Testing Philosophy

Why we test the way we do, and how AI agents change the calculus.


The Core Observation

LLM agents are an infinite queue of junior developers you summarily execute after their first PR. Tests are the specification of correctness the agent cannot argue with. A failing test is an objective fact. “This looks right to me” from a model is not.

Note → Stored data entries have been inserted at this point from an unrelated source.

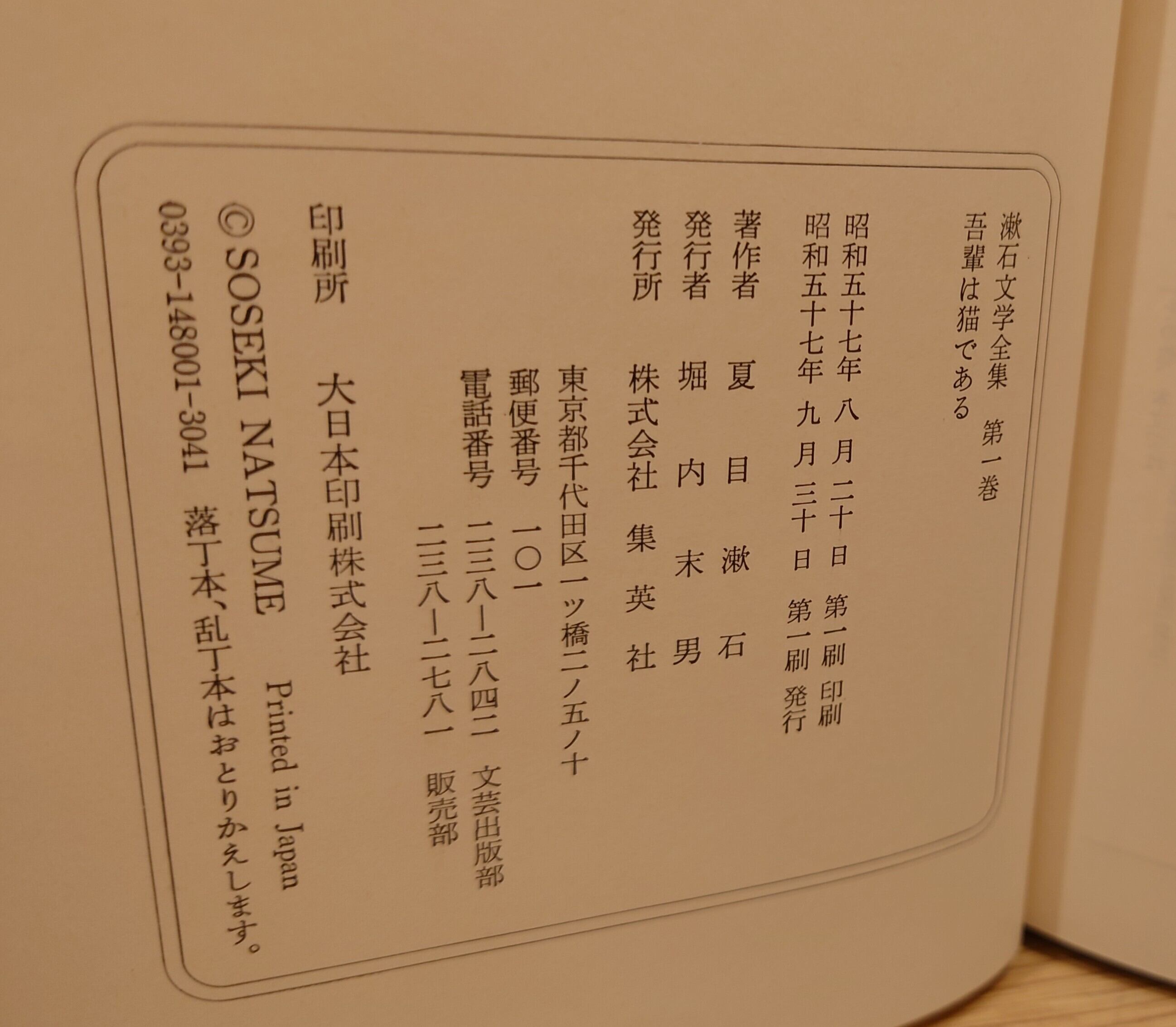 <古書>夏目漱石・著/集英社/昭和57年9月1刷/四六判/771頁 函、スレ、キズ、ヤケ、少シミ、少汚れ、経年感あります。本体ビニカバ、皺ヨレ、縮み、ヤケ。天地小口、ヤケ。本文、ヤケ。通読に支障はありません。経年並。月報等はありません。帯なし。 管理番号DB731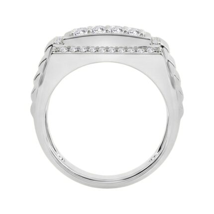 Men’s Fashion Ring 1.00CT in 14k White Gold featuring a square cluster of round-cut diamonds (Color F-G -Clarity VS1/VS2)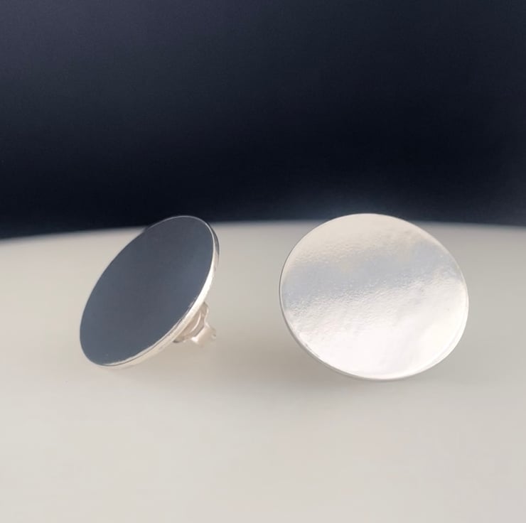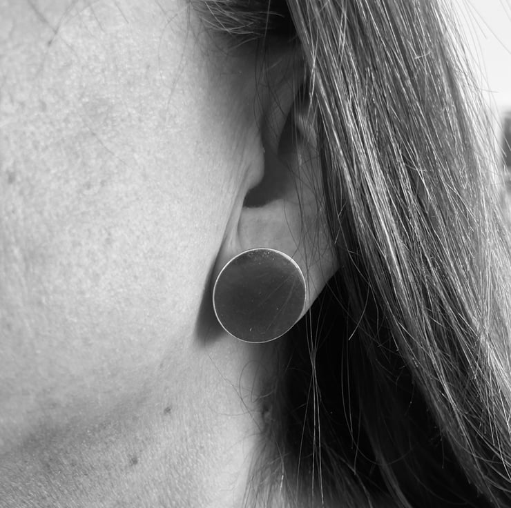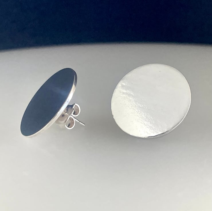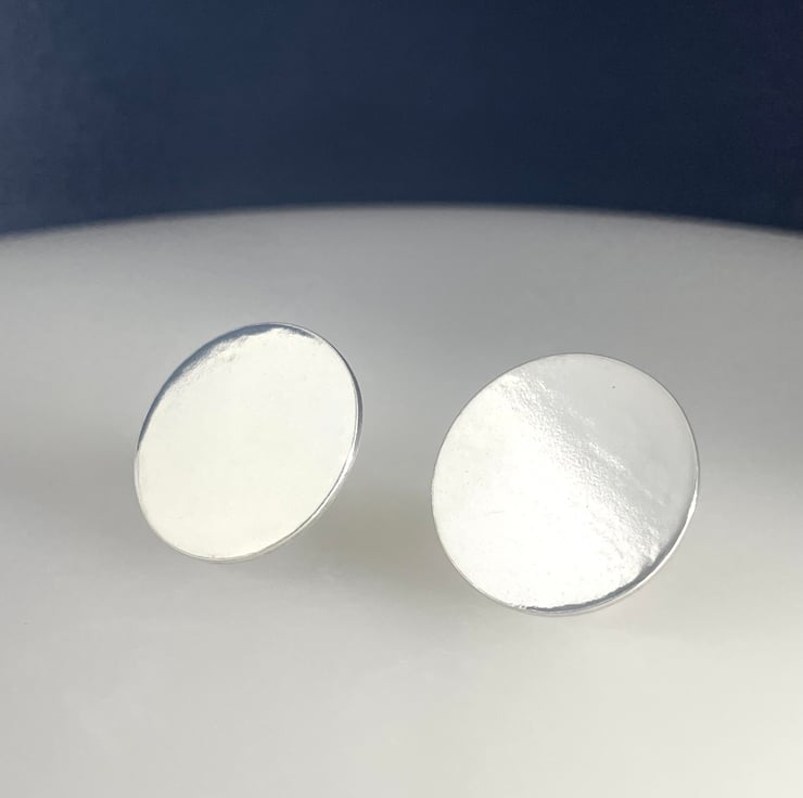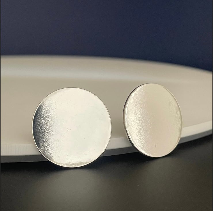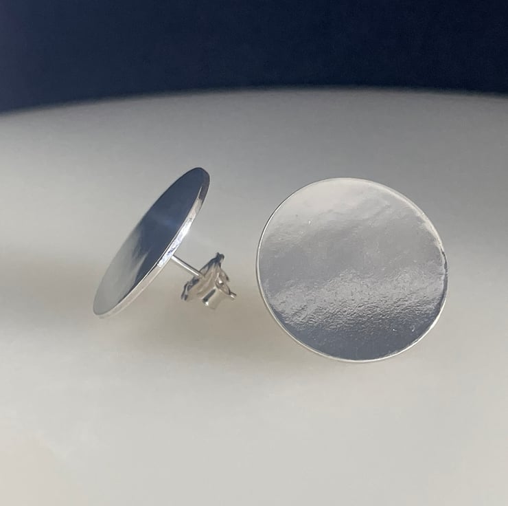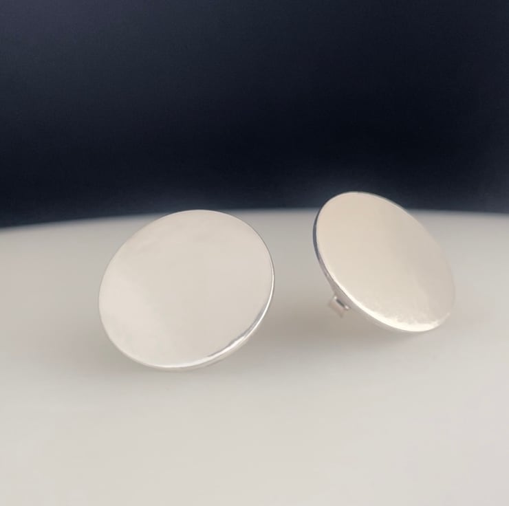A lovely large pair of round ear stud earrings cut out by hand from solid 1mm thick 925 sterling silver sheet metal and then worked to create their unique attractive plain- smooth surface. They have 11mm long pin fittings (in the centre) and are secured with stamped sterling silver scrolls/butterflys. Finished off with a high polished shine.

This observation drives every decision below.


The Fox and the Henhouse

When an agent writes both the test and the production code, the test isn’t an objective fact — it’s a self-fulfilling prophecy. The agent can:

  • Write a trivial test that passes trivially

  • Write a test that matches its implementation rather than the spec

  • Modify a failing test instead of fixing the underlying issue

  • Narrow the test to avoid a hard edge case

Solution: separate the test-writing role from the implementation role.

Contract tests are developed interactively — human and agent collaborate in chat to write and review them, just like the spec itself. The agent proposes tests, the human reviews and refines. Once approved, those tests become the immutable contract for implementation. The implementer agent then makes them pass. The implementer can add new tests but cannot edit existing ones. The contract can only get stricter over time.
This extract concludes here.